Enhancer–promoter specificity in gene transcription: molecular mechanisms and disease associations

Although often located at a distance from their target gene promoters, enhancers are the primary genomic determinants of temporal and spatial transcriptional specificity in metazoans. Since the discovery of the first enhancer element in simian virus 40, there has been substantial interest in unraveling the mechanism(s) by which enhancers communicate with their partner promoters to ensure proper gene expression. These research efforts have benefited considerably from the application of increasingly sophisticated sequencing- and imaging-based approaches in conjunction with innovative (epi)genome-editing technologies; however, despite various proposed models, the principles of enhancer–promoter interaction have still not been fully elucidated. In this review, we provide an overview of recent progress in the eukaryotic gene transcription field pertaining to enhancer–promoter specificity. A better understanding of the mechanistic basis of lineage- and context-dependent enhancer–promoter engagement, along with the continued identification of functional enhancers, will provide key insights into the spatiotemporal control of gene expression that can reveal therapeutic opportunities for a range of enhancer-related diseases.
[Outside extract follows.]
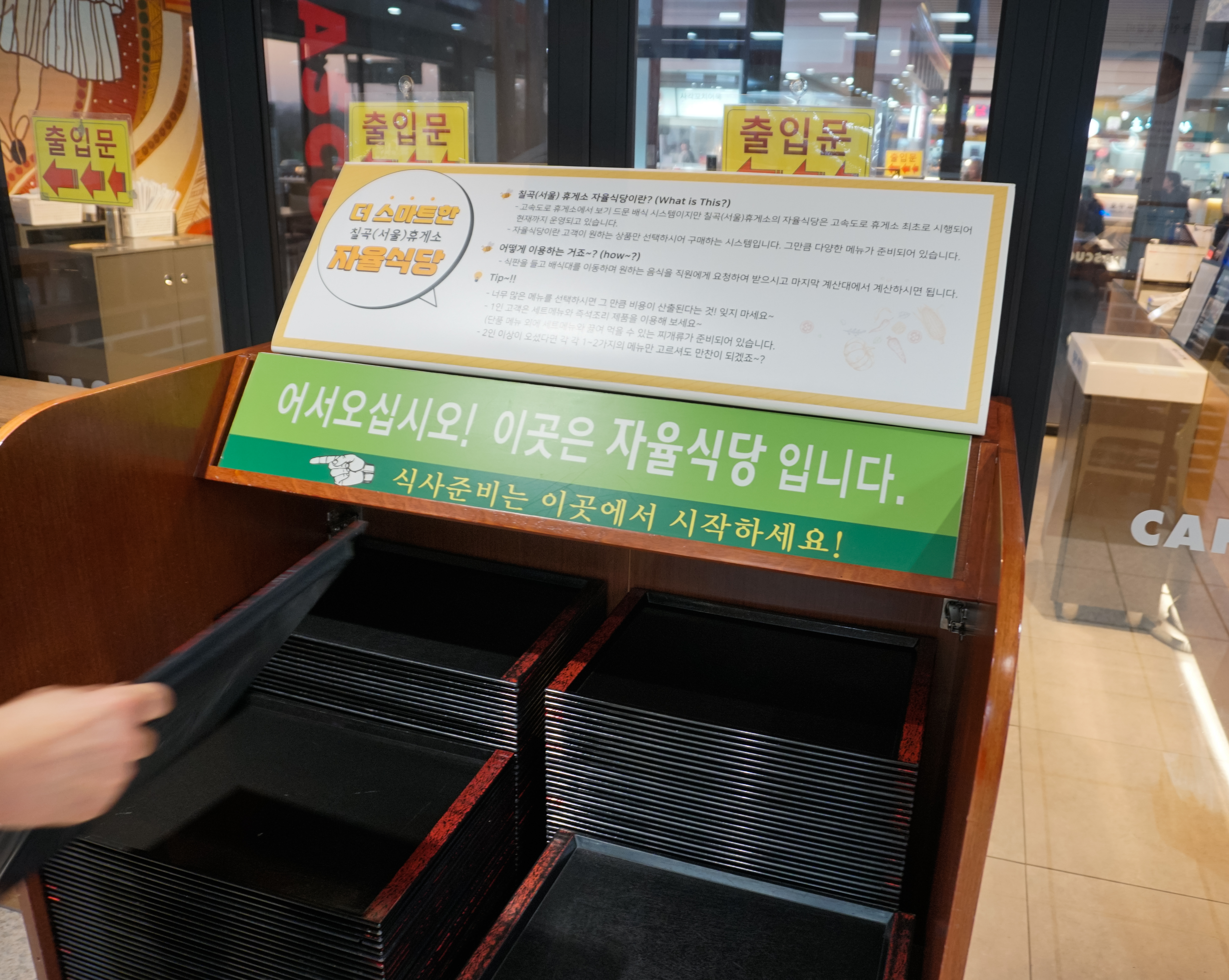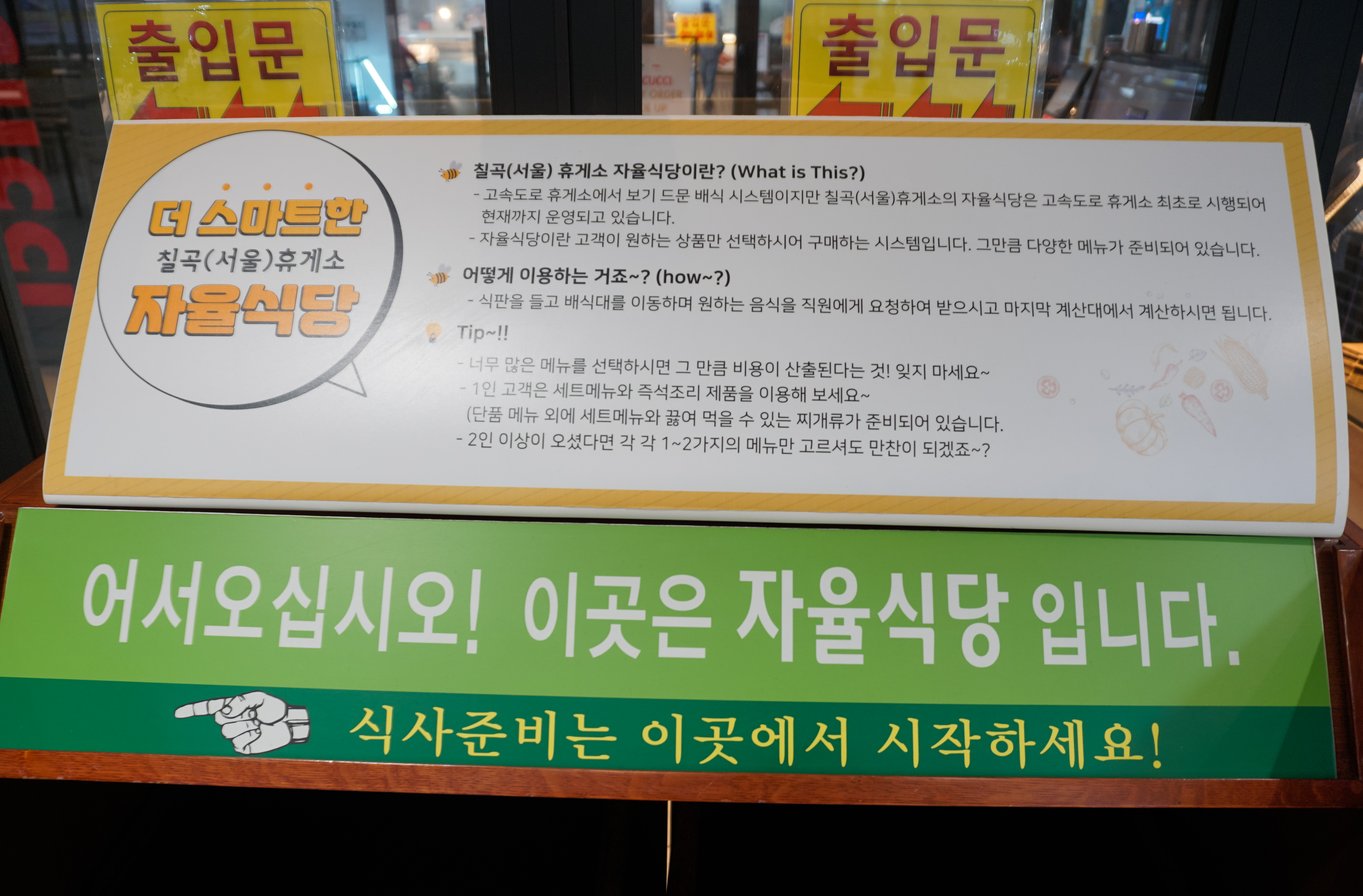 칠곡휴게소 자율식당의 입구는 이렇게 생겼습니다. 다른 휴게소는 특정 메뉴들을 미리 주문하고 번호표를 교환하는 형태로 메뉴를 받는데, 여기는 특이하게 식판을 미리 준비하고 메뉴를 담는 형태로 되어있었습니다.

This review summarizes the current understanding of enhancer-promoter interactions (EPIs), a key feature of genome structure, in gene regulation and disease. EPIs are crucial for proper gene activity, and their alteration by mutational events can be pathological, causing, among others, cancer, and neurodevelopmental disorders. The authors provide an overview of various methods used to study 3D genome architecture (the physical structure of chromosomes) and discuss recent insights that these techniques have afforded, especially with regard to the specificity and dynamics of EPIs as well as the underlying molecular mechanisms. The review highlights the broad experimental utility of CRISPR-based strategies and their therapeutic potential for targeting disease-related EPIs. While substantial progress has been made, further elucidation of the physical and functional interplay of enhancers with their cognate promoter(s) will reveal new treatment opportunities for many diseases.

This summary was initially drafted using artificial intelligence, then revised and fact-checked by the author.